Something Right — and Here in Detroit

June 14, 2014

So much in the world seems to be going wrong, and there is so much anger and division in our society that it can be difficult sometimes to focus on what is going right.

Even I can get caught up in defending victims to the point where I despair unless I can be reminded that not everything is an angry battle. Sometimes, there are joyous battles. Take for example, the Detroit Capuchins.

The Capuchin Order was founded on the ideals of St. Francis and in 1883 they took root in Detroit. Since then they have been living up to their ideals of happy service to the poorest and least wanted of Detroit.

Every day they help treat drug addicts, reintegrate former prisoners, feed hundreds of the poorest, and generally spend time and conversation with people we tend to avoid when walking on the streets. Their Monastery was built on the East Side at Mt. Elliott, which even in the 1920s was known as a very rough neighborhood.
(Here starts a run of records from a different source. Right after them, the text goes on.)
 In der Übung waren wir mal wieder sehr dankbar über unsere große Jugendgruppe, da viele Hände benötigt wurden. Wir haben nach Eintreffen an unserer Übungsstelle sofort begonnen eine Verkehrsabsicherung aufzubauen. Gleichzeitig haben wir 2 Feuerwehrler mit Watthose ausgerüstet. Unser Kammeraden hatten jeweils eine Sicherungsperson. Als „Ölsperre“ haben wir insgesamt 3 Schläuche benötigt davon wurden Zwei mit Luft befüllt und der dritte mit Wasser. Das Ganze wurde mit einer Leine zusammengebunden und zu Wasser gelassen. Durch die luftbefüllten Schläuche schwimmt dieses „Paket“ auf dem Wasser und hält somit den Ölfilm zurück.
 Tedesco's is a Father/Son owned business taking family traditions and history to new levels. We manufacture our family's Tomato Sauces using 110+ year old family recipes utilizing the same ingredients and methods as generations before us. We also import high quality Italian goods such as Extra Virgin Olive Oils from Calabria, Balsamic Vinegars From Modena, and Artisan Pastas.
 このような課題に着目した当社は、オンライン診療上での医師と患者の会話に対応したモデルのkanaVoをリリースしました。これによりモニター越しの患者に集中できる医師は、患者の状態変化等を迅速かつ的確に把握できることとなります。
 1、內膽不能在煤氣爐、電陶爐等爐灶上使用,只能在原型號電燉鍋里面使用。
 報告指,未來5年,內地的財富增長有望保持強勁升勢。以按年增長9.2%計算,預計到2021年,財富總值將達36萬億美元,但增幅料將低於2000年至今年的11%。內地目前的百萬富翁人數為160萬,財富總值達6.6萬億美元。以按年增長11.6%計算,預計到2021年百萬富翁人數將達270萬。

They go to places and help people we never see who are in desperate circumstances that would shock most Americans to know it existed within miles of their homes.

The amazing thing that one learns when working with them, is that they actually enjoy the work.  And after volunteering time at the Soup Kitchen or other services, and they help you to realize that the people you have helped have actually helped you far more. It will put the madness in perspective.
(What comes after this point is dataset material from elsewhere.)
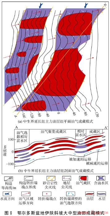 低幅度構造的發(fā)育為伊陜斜坡上油氣的逸散或富集提供了必要條件。低幅度構造局部產(chǎn)狀的陡緩變化影響運移通道中油氣沿斜坡上傾方向的運移動力、運移速度及運移方向,從而導致油氣運移途中發(fā)生局部或較大區(qū)域的逸散或富集,控制油氣水在空間上的分異與分布,形成相對的油氣富集區(qū)及含水較高的含油水區(qū),通常前者發(fā)育于低幅度構造的高部位,后者則處于諸如鼻凹等低幅度構造的較低部位或較大規(guī)模鼻褶群帶間的低洼分隔區(qū)。低幅度構造坡折帶轉折端端點連線與沉積相帶邊側部的巖性/物性尖滅線及局部的地層尖滅線等界線組合可形成巖性-構造、構造-巖性、地層-構造等復合圈閉以及較大的圈閉空間,有效地阻滯、封堵油氣運移,并截留、捕獲過路油氣,進而聚集形成油氣藏。繼承性發(fā)育的低幅度構造與多期次沉積的儲集層疊合,促成了垂向上多層系油(氣)藏的復合發(fā)育。低幅度構造與大型沉積體系及其有利相帶等條件組成優(yōu)勢配置,控制了伊陜斜坡內(nèi)中生界乃至古生界主要的油氣分布,奠定了盆地大面積成藏及大中型油氣田發(fā)育的地質基礎。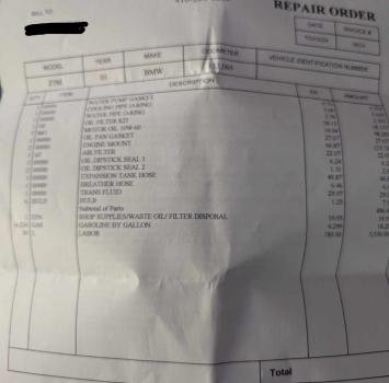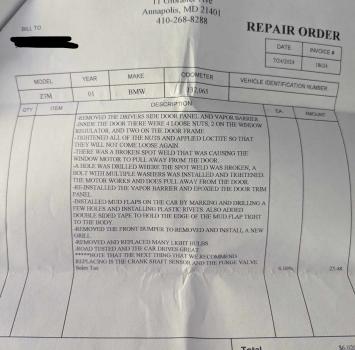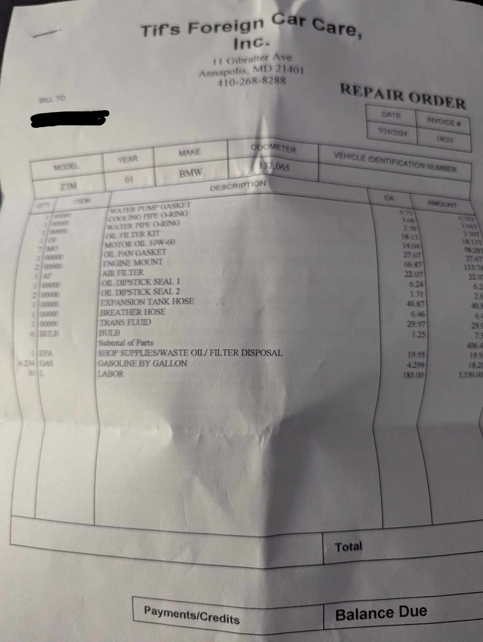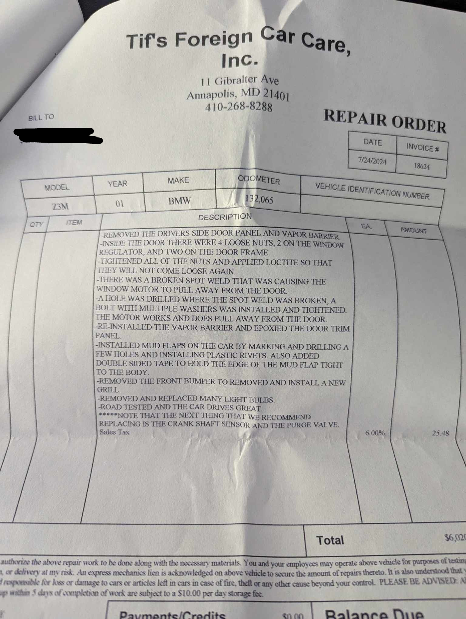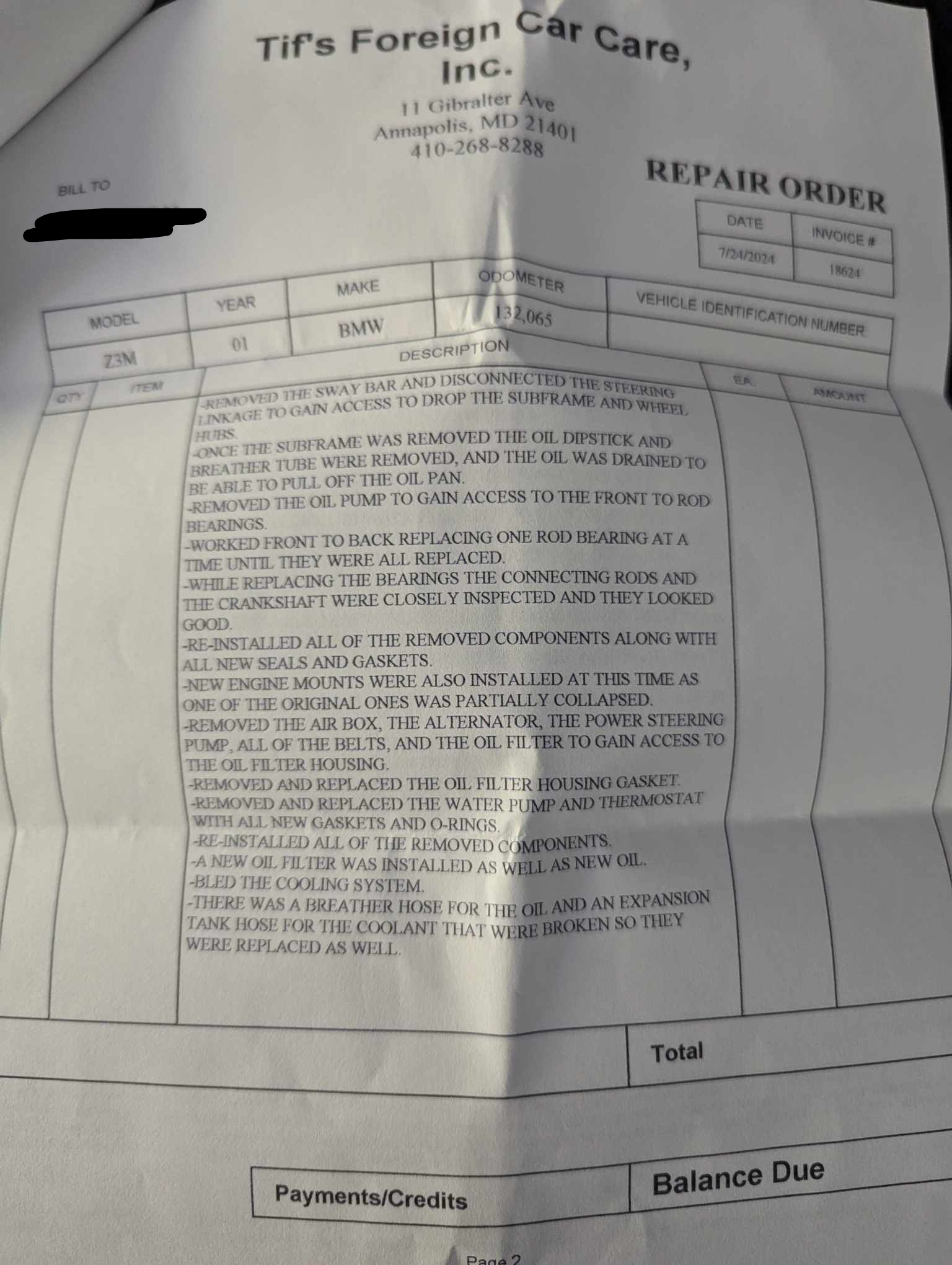 First major service for the M Coupe. Rod bearings were the big item, along with water pump, fluid changes, installing mudflaps, and other deferred maintenance items.

If you would like to support them or volunteer, contact them at:

The Capuchin Service Center
6333 Medbury St.
Detroit MI 48211

 


New Slave Owners, New Plantation

July 7, 2009

The economic suffering of working families is nationwide, but I hope that it is not nearly as severe as in my home state of Michigan. It breaks my heart to drive across the Detroit area and see foreclosure signs popping up like weeds in the summer heat.
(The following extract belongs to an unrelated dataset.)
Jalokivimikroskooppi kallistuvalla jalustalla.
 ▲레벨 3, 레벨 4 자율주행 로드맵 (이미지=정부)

In 3 of the 4 zip codes in the area, the foreclosure rate exceeds 25% according to government statistics! The City of Detroit is already an urban Prairie with whole neighborhoods of deserted homes and empty lots. Coyotes have been seen within the City limits, along with other wildlife. But coyotes are not the only predators Detroit has seen. The City Fire Department’s pension fund is nearly bankrupt after being duped into investments by a slick Wall Street firm. City business has been up for sale to the highest briber of City Council members and other utility department heads.

It’s not only desperate in Detroit. Near Detroit’s Wayne County is Oakland County, one of the 10 wealthiest counties in the Country. Even in Oakland County the foreclosure rate is skyrocketing and challenges to property tax assessments are creating huge backlogs. Michigan is in a depression and I have to wonder how long before civil unrest begins. Hundreds of thousands of people are jobless, homeless and getting desperate – and who could blame them for being angry about yet another jobless recovery where the same multibillion dollar banking and investment firms who have ripped us all off are now being underwritten by our own tax dollars?

Citibank, which charges the people of Wayne County more in interest rates than some loan sharks, is increasing the salaries of managers 50% and giving out bonuses greater than those given before the recent bust – AFTER receiving billions of dollars of tax money for a bailout! Meanwhile, Detroit is becoming the reincarnation of Batista Cuba where poverty and desperation surrounds a few oases of Casinos and yacht clubs.

I get angry just being a witness to this social injustice which is only tempered by compassion for the people who are jobless, homeless and hopeless.

Are bankers the new slave owners and is a new style of plantation emerging in the U.S.?


1929?

October 7, 2008

It’s hard for me to drive court in Detroit. I ride down Woodward Ave. through Detroit and see mile after mile of blight – deserted and burned out homes and businesses, homeless people pushing all their possessions in shopping carts. Even people who have jobs appear to be in shell shock. Who did this to our country, the richest country in the world? I drive across the bridge to Canada; surely, they have poverty too. But nothing like ours.

Detroit is in a depression – not just a recession. There are so many who need so much help. The people don’t want handouts, they just want the opportunity to get a job and support their family. They want an opportunity to have their day in Court when they suffer injustice. Their suffering is something that I can do very little about and that is frustrating. I became a lawyer to help people who are suffering… suffering from injustice. Yet I live in a society that has devolved in the last 8 years into one that is so fundamentally unjust and cruel, economically and socially, that the sheer scale of victims being created is frightening. The people are tired, hungry and feeling hopeless.

You would not believe the line for food at the Capuchin Soup Kitchen and other emergency shelters in Detroit. This is 1929, right? Not 2008?

I feel like I need to do more but I also feel overwhelmed and angry. The Detroit riots happened when I was a teenager growing up in Oak Park, which bordered Detroit. National Guardsmen patrolled the streets and you could see smoke billowing into the sky. You could hear gunfire through the night.

The economic and social injustice that the people of Detroit (and in other cities across the nation) are suffering now is as pronounced as it was then. There are whispers now in the media of an economic collapse. That collapse has already occurred among the poor and even a substantial majority of middle class families in Detroit. I can’t imagine by what grace these people are remaining civil and peaceful.
God help us if this election is stolen like the others.